◆ DATA LISTING
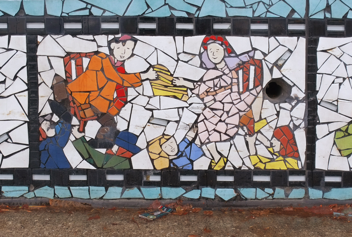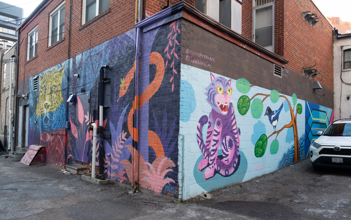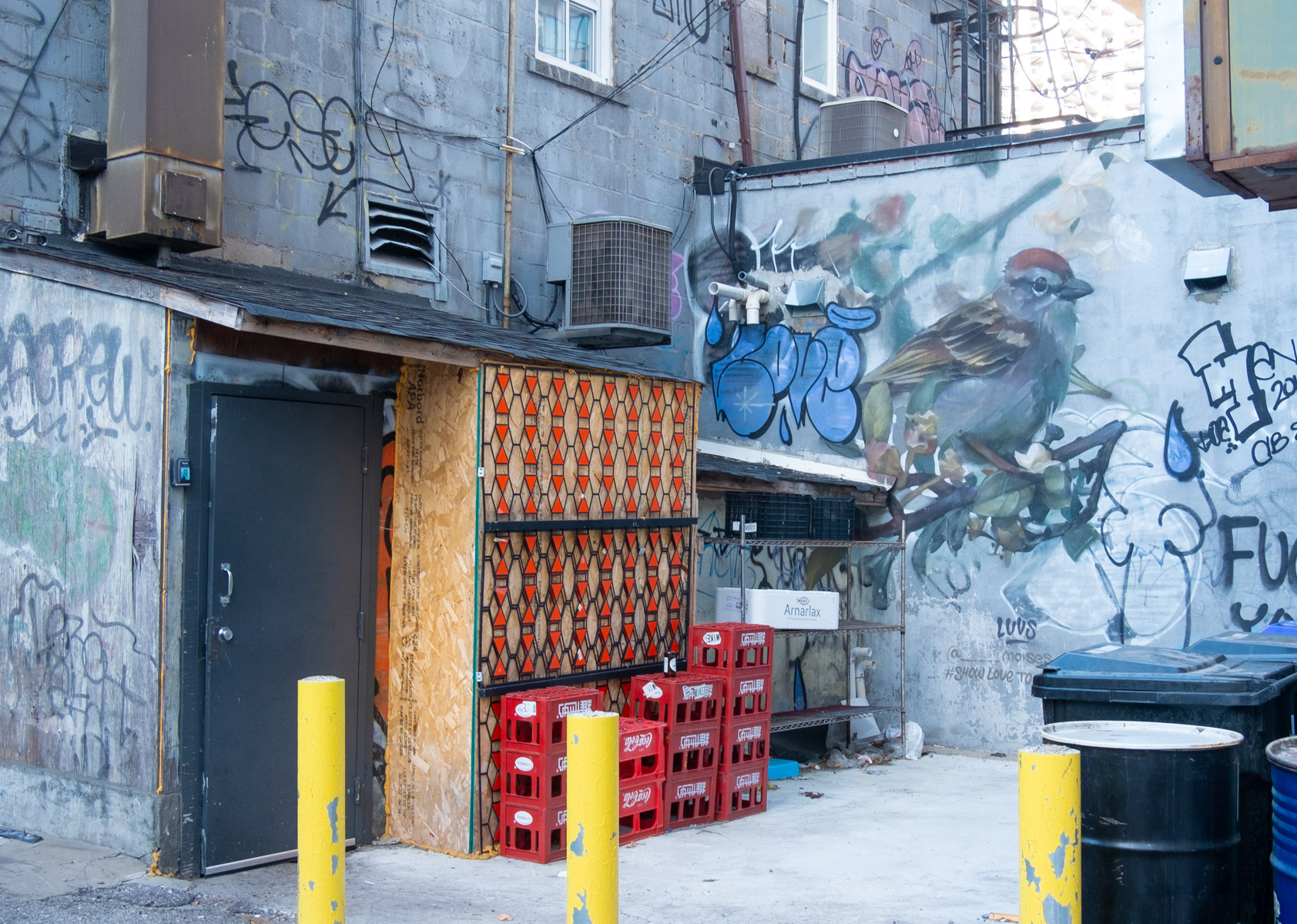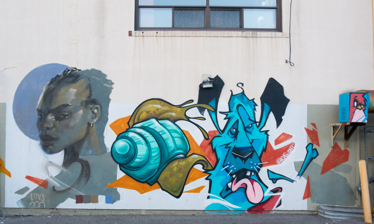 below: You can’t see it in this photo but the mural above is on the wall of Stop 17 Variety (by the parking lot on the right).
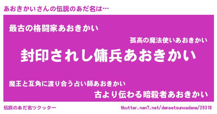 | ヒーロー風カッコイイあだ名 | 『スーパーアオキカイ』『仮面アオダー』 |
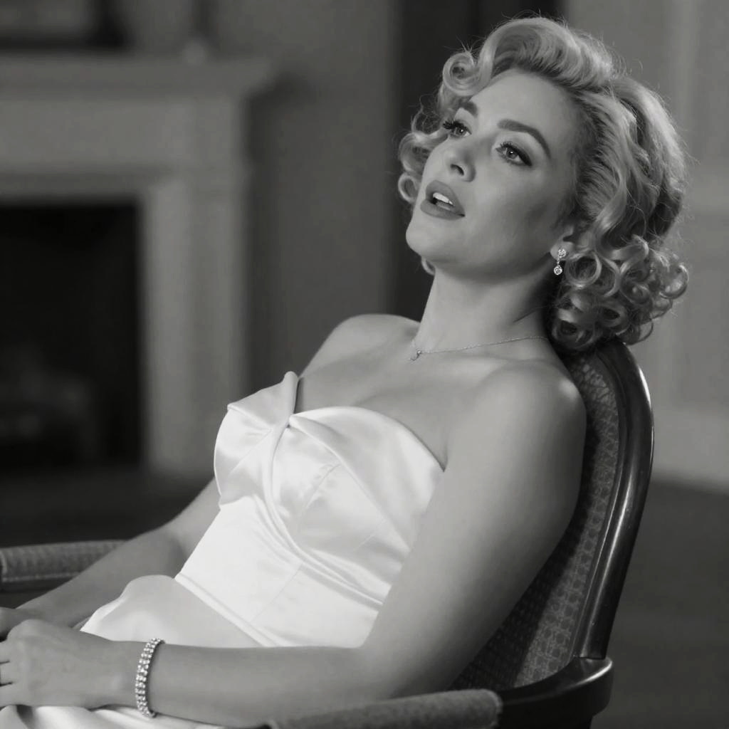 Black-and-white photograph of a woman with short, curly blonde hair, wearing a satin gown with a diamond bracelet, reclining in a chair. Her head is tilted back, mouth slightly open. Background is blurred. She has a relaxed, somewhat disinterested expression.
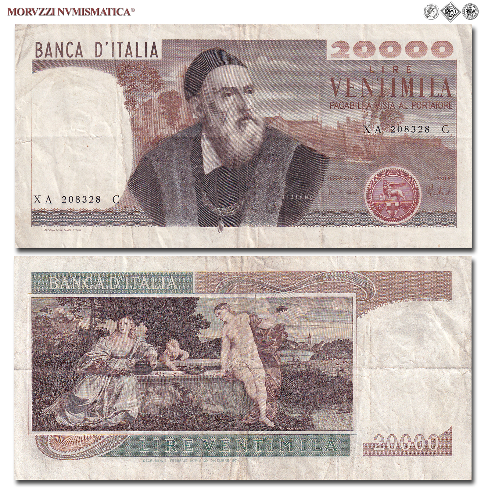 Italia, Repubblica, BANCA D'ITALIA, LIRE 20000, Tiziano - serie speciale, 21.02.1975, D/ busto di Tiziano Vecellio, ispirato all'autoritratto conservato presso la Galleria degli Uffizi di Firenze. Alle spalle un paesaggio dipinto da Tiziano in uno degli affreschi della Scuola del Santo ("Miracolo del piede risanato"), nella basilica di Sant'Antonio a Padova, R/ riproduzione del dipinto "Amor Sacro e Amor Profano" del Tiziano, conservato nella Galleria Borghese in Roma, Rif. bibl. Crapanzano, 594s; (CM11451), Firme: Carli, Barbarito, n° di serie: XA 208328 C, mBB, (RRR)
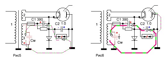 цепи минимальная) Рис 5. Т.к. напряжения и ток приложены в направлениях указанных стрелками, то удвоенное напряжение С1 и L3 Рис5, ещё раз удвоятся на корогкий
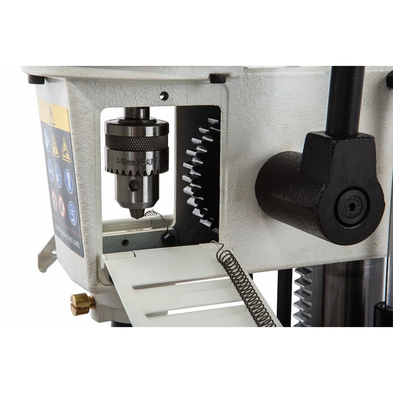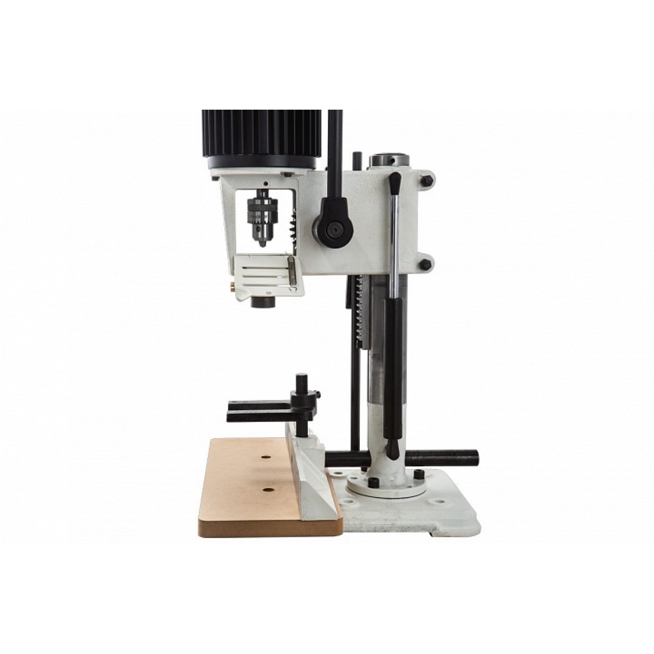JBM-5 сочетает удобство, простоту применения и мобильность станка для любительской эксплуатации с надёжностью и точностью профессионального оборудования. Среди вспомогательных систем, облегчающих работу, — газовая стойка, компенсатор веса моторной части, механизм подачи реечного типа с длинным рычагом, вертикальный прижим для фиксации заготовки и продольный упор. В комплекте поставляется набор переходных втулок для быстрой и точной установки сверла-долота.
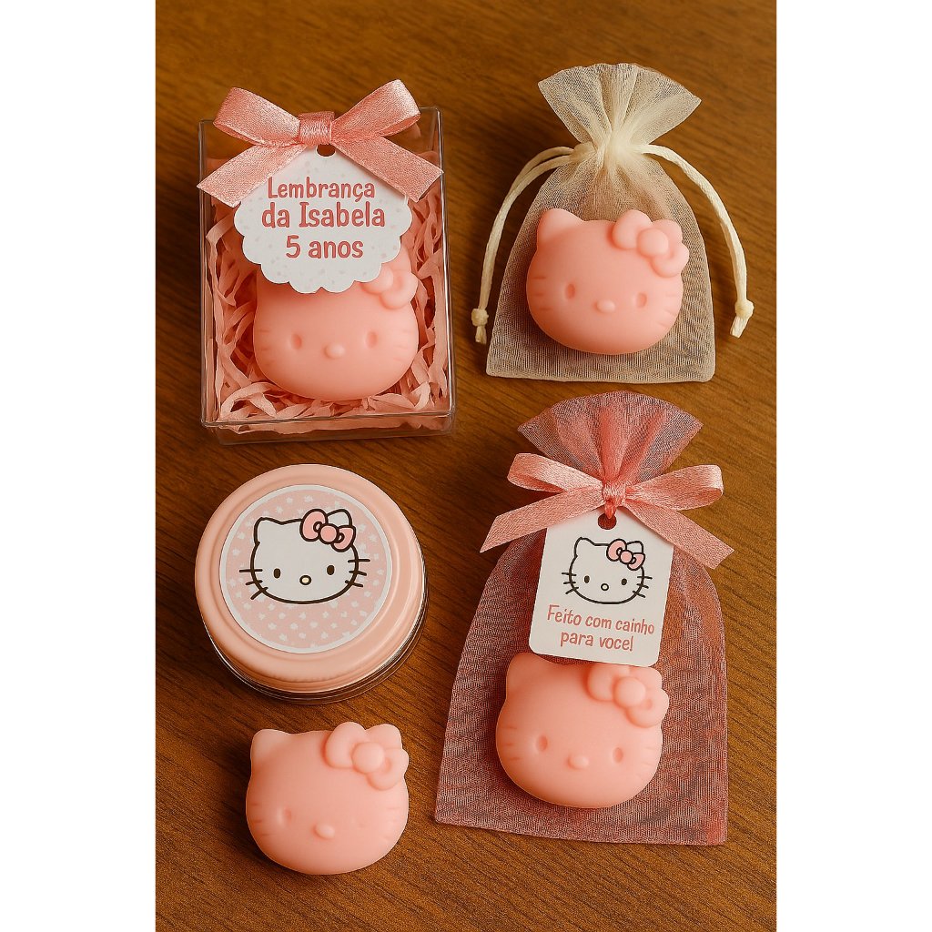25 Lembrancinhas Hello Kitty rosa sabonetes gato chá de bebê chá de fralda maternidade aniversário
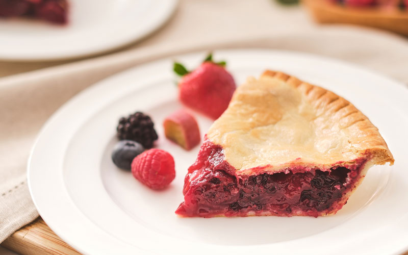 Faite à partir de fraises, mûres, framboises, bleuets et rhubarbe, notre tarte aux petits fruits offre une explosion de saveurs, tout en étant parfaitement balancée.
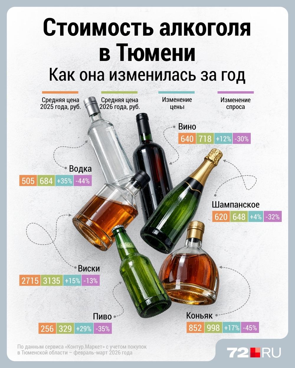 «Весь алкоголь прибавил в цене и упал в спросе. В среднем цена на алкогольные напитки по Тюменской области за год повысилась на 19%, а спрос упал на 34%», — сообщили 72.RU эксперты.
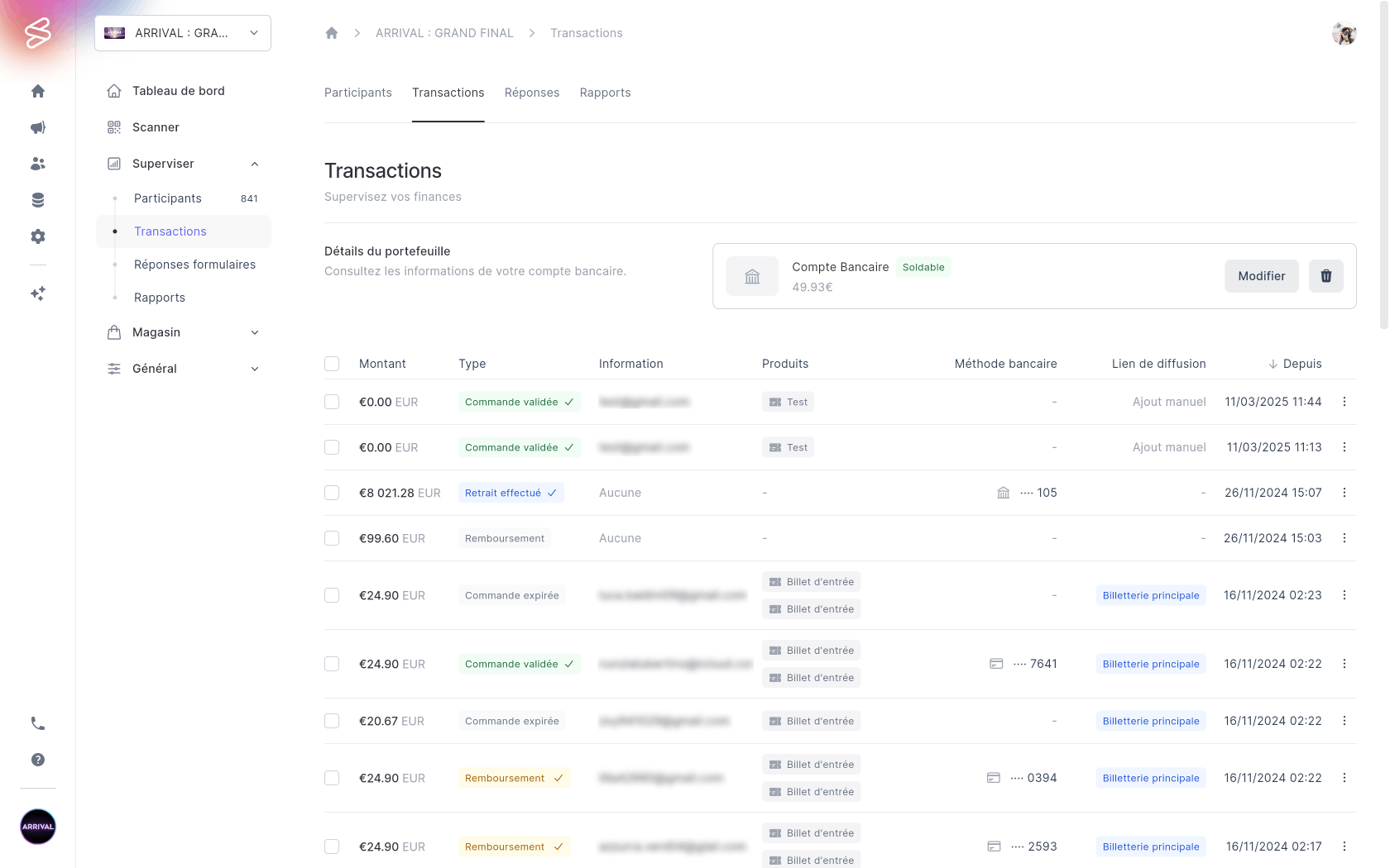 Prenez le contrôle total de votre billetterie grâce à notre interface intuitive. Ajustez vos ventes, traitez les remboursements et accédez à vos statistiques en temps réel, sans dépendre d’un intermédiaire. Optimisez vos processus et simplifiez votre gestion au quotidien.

◆ WHAT TO WORK ON
Copy nothing but the lines above that run from the one with "ヒーロー風カッコイイあだ名 | 『スーパーアオキカイ』『仮面アオダー』 |" to the one with "цепи минимальная) Рис", ends included; pictures stay out.

◆ WRITTEN ANSWER
 | ヒーロー風カッコイイあだ名 | 『スーパーアオキカイ』『仮面アオダー』 |
 Black-and-white photograph of a woman with short, curly blonde hair, wearing a satin gown with a diamond bracelet, reclining in a chair. Her head is tilted back, mouth slightly open. Background is blurred. She has a relaxed, somewhat disinterested expression.
 Italia, Repubblica, BANCA D'ITALIA, LIRE 20000, Tiziano - serie speciale, 21.02.1975, D/ busto di Tiziano Vecellio, ispirato all'autoritratto conservato presso la Galleria degli Uffizi di Firenze. Alle spalle un paesaggio dipinto da Tiziano in uno degli affreschi della Scuola del Santo ("Miracolo del piede risanato"), nella basilica di Sant'Antonio a Padova, R/ riproduzione del dipinto "Amor Sacro e Amor Profano" del Tiziano, conservato nella Galleria Borghese in Roma, Rif. bibl. Crapanzano, 594s; (CM11451), Firme: Carli, Barbarito, n° di serie: XA 208328 C, mBB, (RRR)
 цепи минимальная) Рис 5. Т.к. напряжения и ток приложены в направлениях указанных стрелками, то удвоенное напряжение С1 и L3 Рис5, ещё раз удвоятся на корогкий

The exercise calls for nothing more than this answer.